PFN Releases PLaMo-13B Open-Source Large Language Model in Japanese and English for Research and Commercial Use
New 13 billion-parameter pre-trained model shows one of world’s highest performances in Japanese and English combined
TOKYO – September 28, 2023 – Preferred Networks, Inc. (PFN) today released PLaMo™-13B (Preferred Language Model), a 13 billion-parameter pre-trained large language model (LLM), under an open source software license that permits research and commercial use at https://huggingface.co/pfnet/plamo-13b. PLaMo-13B has demonstrated one of the world’s highest performances on the common lm-evaluation-harness benchmark for Japanese and English combined among currently available pre-trained models with similar parameter sizes.
Performance comparison in Japanese and English
Each plot shows the average deviation of benchmark scores in both languages.
*For a fair comparison, PFN has re-evaluated the model and adopted a higher score
than the one published by the developer.
A new category of artificial intelligence (AI) systems known as foundation models, such as large language models and diffusion models, have recently been adopted in a range of domains and delivered remarkable results. Anticipating that foundation models will boost innovation across industries, PFN has been closely studying them and started building LLMs beginning spring 2023.

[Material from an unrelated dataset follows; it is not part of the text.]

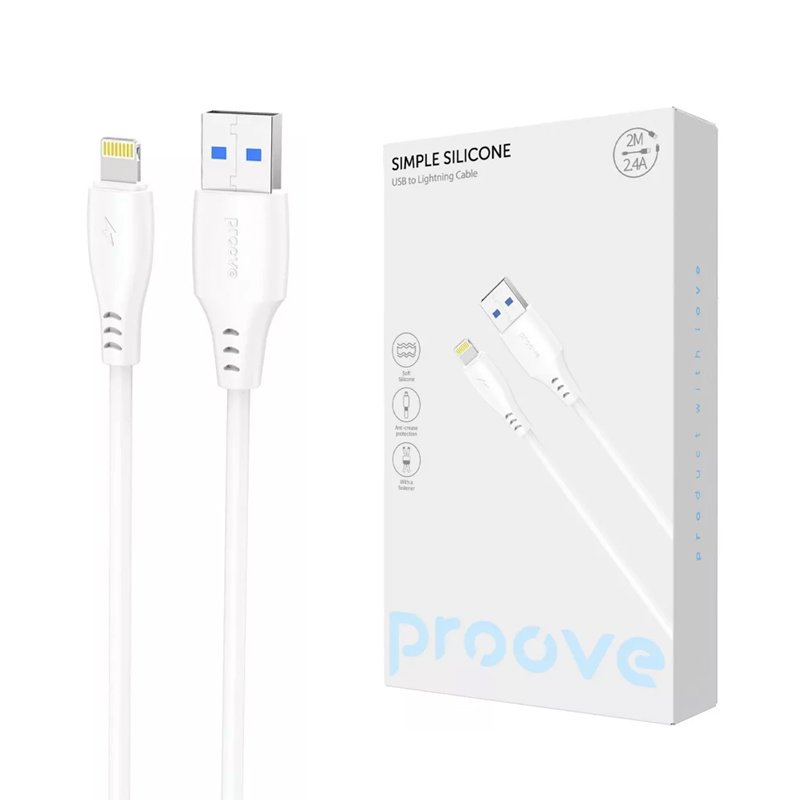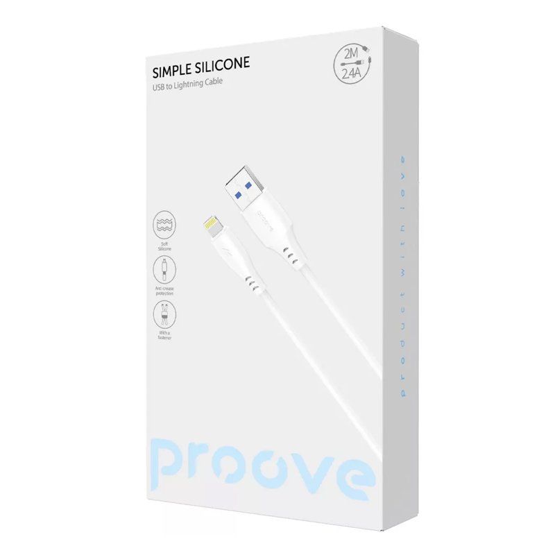 Кабель PROOVE SIMPLE SILICONE USB to Lightning 2.4A 2m (білий)

To develop PLaMo-13B, PFN has collected and processed open data publicly available for training AI models to build a 1.4 trillion-token dataset in Japanese and English. PFN used 480 NVIDIA A100 GPUs provided by Japan’s National Institute of Advanced Industrial Science and Technology through its AI Bridging Cloud Infrastructure (ABCI) to train the model for nearly one month. PFN kept the parameter size compact at 13 billion by augmenting the training dataset in English and Japanese, allowing PLaMo-13B users to run the LLM on one standard GPU server but still benefit from one of the world’s highest performances for Japanese and English combined.
PFN has released codes and parameters required for inferences on PLaMo-13B under the Apache License v2.0 which permits research and commercial use for free, in a bid to help many users conduct research and tests using the LLM that achieves high performance in Japanese and English combined.

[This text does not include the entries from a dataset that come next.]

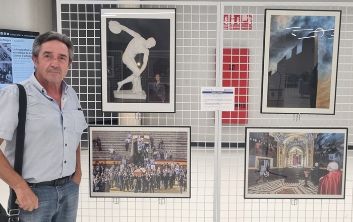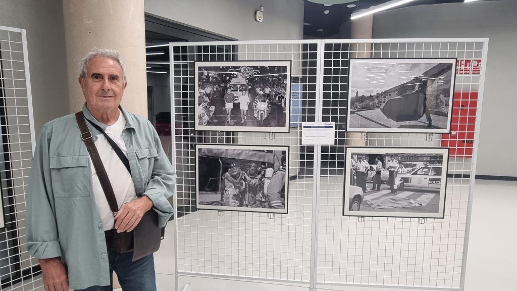 El fotoperiodista Ángel García Catalá posa ante su panel de instantáneas para la exposición «Fotoperiodismo del siglo XXI. Imágenes que hacen historia» (Redacción).
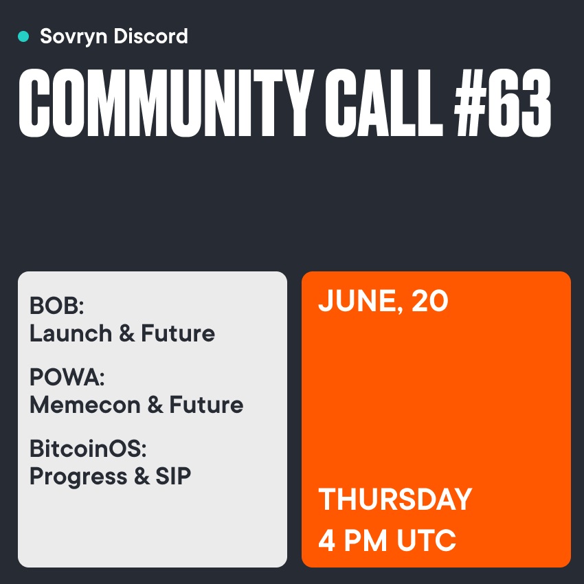 Community Call #63 - june 20, 4 pm UTC, Sovryn's Discord.
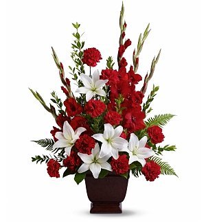 Vivid and touching, rich reds and serene white flowers blend in honor of a life filled with love, light, and grace. This stunning sympathy bouquet features fresh flowers such as gladioli, carnations, white Asiatic lilies, myrtle, sword fern, and salal in an classic urn-style vase. WIth red for passion and white for purity, the bouquet is a beautiful expression of your heart’s sentiments. Measures 24″ x 34.” To ensure the best arrangement, flower varieties and container may vary.

New subsidiary for multi-modal foundation model
PFN plans to establish a new subsidiary Preferred Elements, Inc. (PFE) through a company split on November 1, 2023 to boost the development of a high-performance multi-modal foundation model that can process text, images, audio, video, spatial information, genome, sensor values and other various forms of data. PFN’s Chief Executive Researcher Daisuke Okanohara will also serve as the president of PFE.
PFE will develop a multi-modal foundation model that is far more large-scale and functional than PFN’s new LLM, and aims to launch it commercially in 2024 while applying it to products and services provided by PFN group companies and their partners. PFN has accumulated practical experience and knowledge for LLM development at PFE including collection and processing of pre-training data, and pre-training of LLMs using large computing infrastructure.

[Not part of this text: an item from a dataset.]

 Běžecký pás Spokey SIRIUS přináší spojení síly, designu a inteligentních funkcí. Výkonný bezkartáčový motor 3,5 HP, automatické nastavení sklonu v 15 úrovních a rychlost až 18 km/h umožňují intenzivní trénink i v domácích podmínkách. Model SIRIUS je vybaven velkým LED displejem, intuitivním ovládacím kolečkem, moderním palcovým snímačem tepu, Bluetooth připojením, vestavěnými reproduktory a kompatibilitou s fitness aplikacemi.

Going forward, PFE will work with the government, educational institutions and private companies to collect and develop pre-training data while addressing known LLM issues such as hallucination, bias and misuse to ensure that its foundation model will empower industries and society as a safe and reliable infrastructure.
PFN at CEATEC Japan 2023
PFN will set up a booth at CEATEC Japan 2023 which is to be held between Tuesday, October 17 and Friday, October 20, 2023 at Makuhari Messe, Chiba, Japan, where the company will demonstrate how it plans to apply LLMs including PLaMo-13B to 3D model generation, materials simulation, robot control and more.
At the PFN booth (A121, Advanced Technology Area, Hall 8), PFN members will demonstrate how PFN products will work with LLMs in the future and give presentations on the stage on the technological advancement it envisions. PFN will also exhibit an actual server equipped with the MN-Core™ AI processor as well as MN-Core 2, the latest in the series.